### Records for this exercise
*****

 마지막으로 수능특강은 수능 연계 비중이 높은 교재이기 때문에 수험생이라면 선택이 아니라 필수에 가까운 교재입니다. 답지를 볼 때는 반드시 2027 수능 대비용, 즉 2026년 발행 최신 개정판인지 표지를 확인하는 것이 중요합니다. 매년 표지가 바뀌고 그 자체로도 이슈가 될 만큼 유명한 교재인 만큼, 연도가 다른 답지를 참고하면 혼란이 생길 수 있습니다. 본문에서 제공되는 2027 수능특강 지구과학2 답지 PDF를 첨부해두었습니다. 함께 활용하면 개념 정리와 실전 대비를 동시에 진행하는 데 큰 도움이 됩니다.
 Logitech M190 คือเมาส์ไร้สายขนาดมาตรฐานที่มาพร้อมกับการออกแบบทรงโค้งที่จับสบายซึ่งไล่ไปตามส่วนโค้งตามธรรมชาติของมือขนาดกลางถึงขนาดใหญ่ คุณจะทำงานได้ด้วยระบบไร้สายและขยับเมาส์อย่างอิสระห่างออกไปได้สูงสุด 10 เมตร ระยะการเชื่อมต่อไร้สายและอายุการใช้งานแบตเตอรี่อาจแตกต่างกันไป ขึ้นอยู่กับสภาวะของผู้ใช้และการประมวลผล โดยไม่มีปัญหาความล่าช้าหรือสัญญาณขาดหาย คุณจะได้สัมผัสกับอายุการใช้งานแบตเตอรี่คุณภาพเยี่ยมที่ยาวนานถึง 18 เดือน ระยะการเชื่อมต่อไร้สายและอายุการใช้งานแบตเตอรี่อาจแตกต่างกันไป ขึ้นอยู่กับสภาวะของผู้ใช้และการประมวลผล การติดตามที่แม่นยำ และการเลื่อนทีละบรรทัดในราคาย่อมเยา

*****

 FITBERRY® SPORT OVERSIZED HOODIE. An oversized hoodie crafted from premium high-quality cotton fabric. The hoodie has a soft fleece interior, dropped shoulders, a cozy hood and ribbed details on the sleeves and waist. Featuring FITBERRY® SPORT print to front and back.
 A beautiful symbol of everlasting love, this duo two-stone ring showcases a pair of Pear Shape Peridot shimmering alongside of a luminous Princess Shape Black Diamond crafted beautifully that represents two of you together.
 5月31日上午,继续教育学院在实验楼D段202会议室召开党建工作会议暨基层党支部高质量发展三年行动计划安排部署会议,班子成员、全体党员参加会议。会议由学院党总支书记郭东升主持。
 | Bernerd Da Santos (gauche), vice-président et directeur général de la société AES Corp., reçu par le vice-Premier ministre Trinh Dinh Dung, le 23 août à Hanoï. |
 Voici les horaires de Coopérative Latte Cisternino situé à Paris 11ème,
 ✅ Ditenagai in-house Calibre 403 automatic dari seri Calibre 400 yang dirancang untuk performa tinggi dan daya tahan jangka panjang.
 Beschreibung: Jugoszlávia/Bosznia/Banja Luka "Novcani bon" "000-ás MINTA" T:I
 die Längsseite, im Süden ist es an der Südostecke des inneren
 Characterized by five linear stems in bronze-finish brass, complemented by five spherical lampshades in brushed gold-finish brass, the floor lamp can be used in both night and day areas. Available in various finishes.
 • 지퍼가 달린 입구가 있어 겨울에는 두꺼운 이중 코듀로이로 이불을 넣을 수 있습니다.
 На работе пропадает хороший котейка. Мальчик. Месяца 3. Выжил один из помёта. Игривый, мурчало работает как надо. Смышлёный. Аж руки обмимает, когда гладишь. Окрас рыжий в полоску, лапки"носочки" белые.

*****

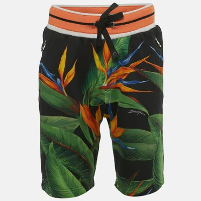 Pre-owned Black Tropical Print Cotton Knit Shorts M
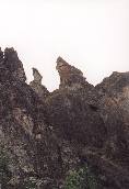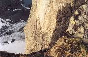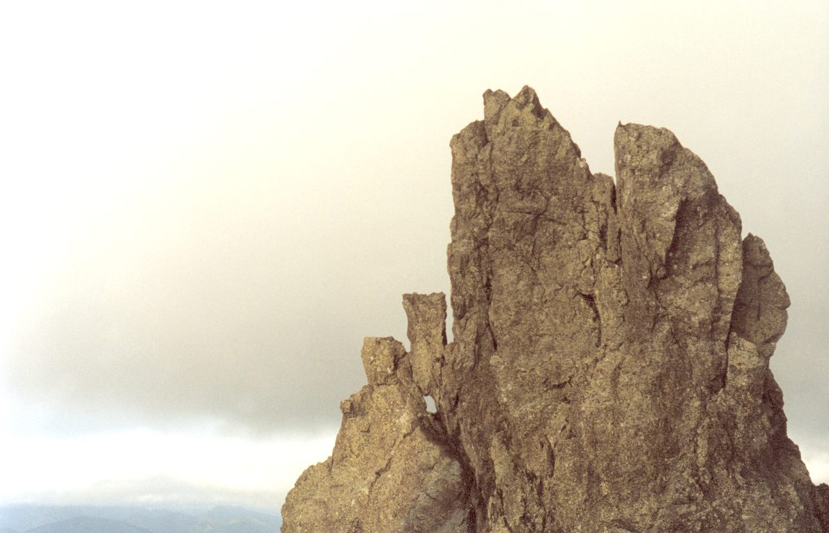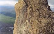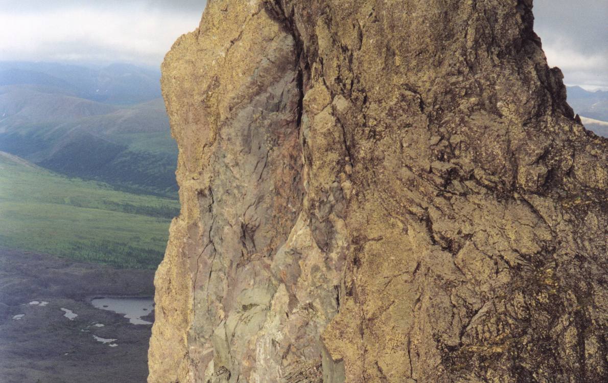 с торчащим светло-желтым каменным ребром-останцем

*****

### What the exercise asks
The lines to extract from the data above begin with the line containing "FITBERRY® SPORT OVERSIZED" and end with the line containing "5月31日上午,继续教育学院". Extract them exactly, including both.

### Answer to this task
 FITBERRY® SPORT OVERSIZED HOODIE. An oversized hoodie crafted from premium high-quality cotton fabric. The hoodie has a soft fleece interior, dropped shoulders, a cozy hood and ribbed details on the sleeves and waist. Featuring FITBERRY® SPORT print to front and back.
 A beautiful symbol of everlasting love, this duo two-stone ring showcases a pair of Pear Shape Peridot shimmering alongside of a luminous Princess Shape Black Diamond crafted beautifully that represents two of you together.
 5月31日上午,继续教育学院在实验楼D段202会议室召开党建工作会议暨基层党支部高质量发展三年行动计划安排部署会议,班子成员、全体党员参加会议。会议由学院党总支书记郭东升主持。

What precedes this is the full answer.